Activity:
Return the listing exactly as it appears, but strip out the images.

Information supplied:
=-=-=-=-=
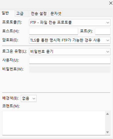 Step 6: 여기에서 프로토콜은 FTP로 해주시고, 호스트는 연결하신 도메인 주소가 될 것이고, 포트(port)는 카페24 호스팅관리의 FTP 부분에 나옵니다. 그것을 입력하시고 로그온 유형은 저는 "비밀번호 묻기"로 진행했습니다. 사용자는 카페24 호스팅의 ID, 추후 비밀번호는 FTP 비밀번호를 입력하시면 접속이 됩니다.
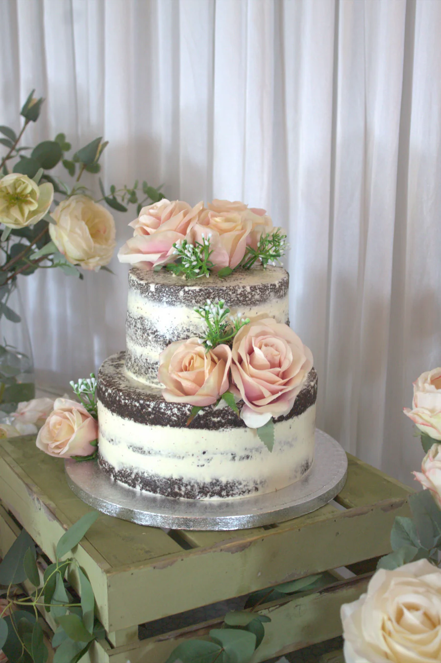 This is our iconic Two Tier Naked Chocolate with Vanilla wedding cake made from a soft fluffy sponge layered with pure frosting cream, layered homemade jam, and covered with frosting cream. This is an effortless and beautiful cake perfect for weddings, engagement parties or any other occasions.
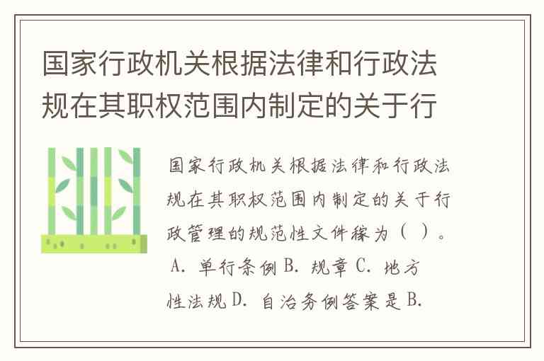 国家行政机关根据法律和行政法规在其职权范围内制定的关于行政管理的规范性文件稼为( )。 A. 单行条例 B. 规章 C. 地方性法规 D. 自治务例
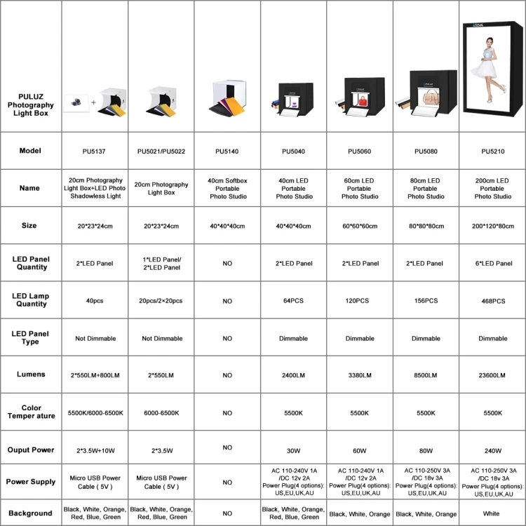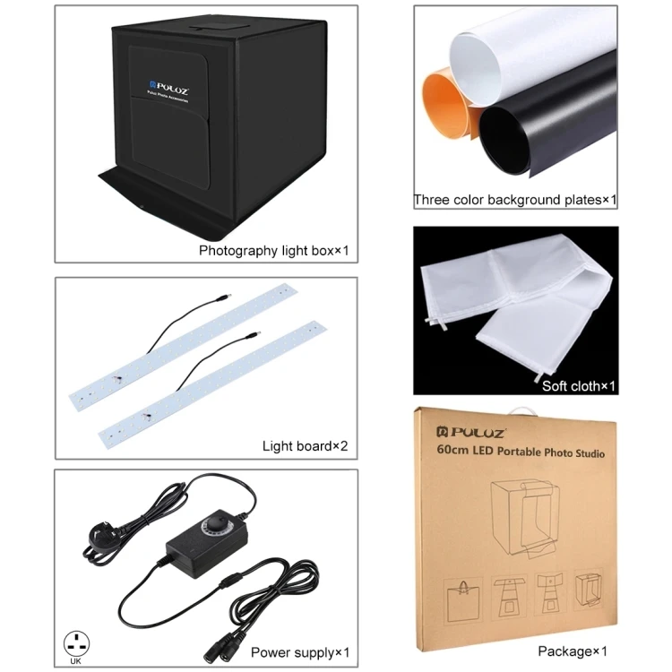 | Package Include | | Package Contents | 1 x Main Studio Box 1 x Black backdrops 1 x White backdrops 1 x Orange backdrops 2 x Light Board 1 x Soft Cloth 1 x UK Plug Power Supply |
=-=-=-=-=
Your solution:
 Step 6: 여기에서 프로토콜은 FTP로 해주시고, 호스트는 연결하신 도메인 주소가 될 것이고, 포트(port)는 카페24 호스팅관리의 FTP 부분에 나옵니다. 그것을 입력하시고 로그온 유형은 저는 "비밀번호 묻기"로 진행했습니다. 사용자는 카페24 호스팅의 ID, 추후 비밀번호는 FTP 비밀번호를 입력하시면 접속이 됩니다.
 This is our iconic Two Tier Naked Chocolate with Vanilla wedding cake made from a soft fluffy sponge layered with pure frosting cream, layered homemade jam, and covered with frosting cream. This is an effortless and beautiful cake perfect for weddings, engagement parties or any other occasions.
 国家行政机关根据法律和行政法规在其职权范围内制定的关于行政管理的规范性文件稼为( )。 A. 单行条例 B. 规章 C. 地方性法规 D. 自治务例
 | Package Include | | Package Contents | 1 x Main Studio Box 1 x Black backdrops 1 x White backdrops 1 x Orange backdrops 2 x Light Board 1 x Soft Cloth 1 x UK Plug Power Supply |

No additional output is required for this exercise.